An object store for variable-sized objects, which has small internal-memory space usage and still guarantees a limited number of external IO operations. For a given parameter a, the internal memory space usage is 2 + log(a) bits per block. Queries for objects of size |x| take constant time and fetch 1 + |x|/B + 1/a blocks from external memory.
Add the following to your CMakeLists.txt
.
add_subdirectory(path/to/PaCHash)
target_link_libraries(YourTarget PRIVATE PaCHash)
git clone --recursive [email protected]:ByteHamster/PaCHash.git
mkdir PaCHash/build
cd PaCHash/build
cmake -DCMAKE_BUILD_TYPE=Release ..
make -j
Alternative methods are implemented for benchmarking. You can find the full benchmark scripts in an independent repository: https://github.com/ByteHamster/PaCHash-Experiments
Method | External memory utilization | Internal memory usage | IOs per query |
---|---|---|---|
PaCHash | 100% | ~6 bits/page | 1 (variable size) |
Separator Hashing | Up to 98%¹ | ~6 bits/page | 1 |
Cuckoo Hashing | Up to 98%¹ | Constant | 2 parallel |
¹ Depending on the input distribution. The methods are originally designed for fixed size objects. Adversarial input can therefore bring the utilization down to 51% or even make construction impossible.

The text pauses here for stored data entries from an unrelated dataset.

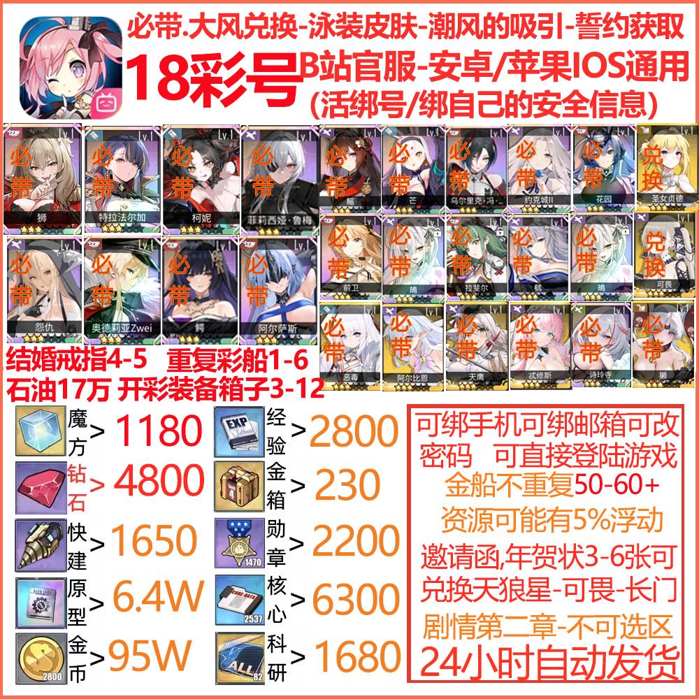 碧蓝航线【安卓B服】碧蓝航线初始号UR彩船狮安卓ios苹果b服魔方红钻金船号自抽号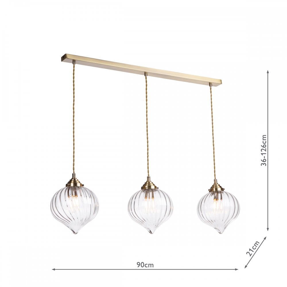 Mya 3 Light Bar Pendant Antique Brass and Glass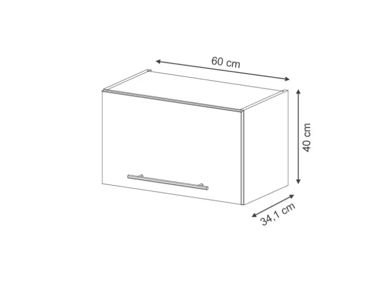 Der Küchenhängeschrank hat Breite 60 cm, Höhe 40 cm und Tiefe 34,1 cm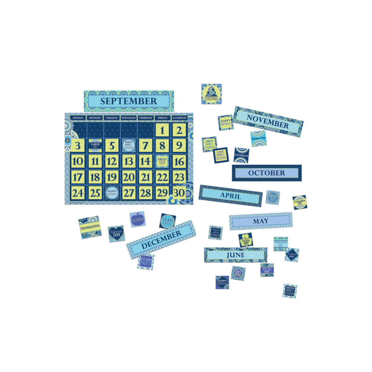 Teach and keep track of the days of the week and month with a 85 piece bulletin board set. Set includes 1 Giant Calendar (17" x 24"), 12 Month Headings, 33 Dates and 37 Special Days. Packaged as four 17" x 24" panels. Coordinates with the Blue Harmony collection.

This code is licensed under the GPLv3. If you use the project in an academic context or publication, please cite our paper:
@inproceedings{kurpicz2023pachash,
author = {Florian Kurpicz and
Hans{-}Peter Lehmann and
Peter Sanders},
title = {PaCHash: Packed and Compressed Hash Tables},
booktitle = {{ALENEX}},
pages = {162--175},
publisher = {{SIAM}},
year = {2023},
doi = {10.1137/1.9781611977561.CH14}
}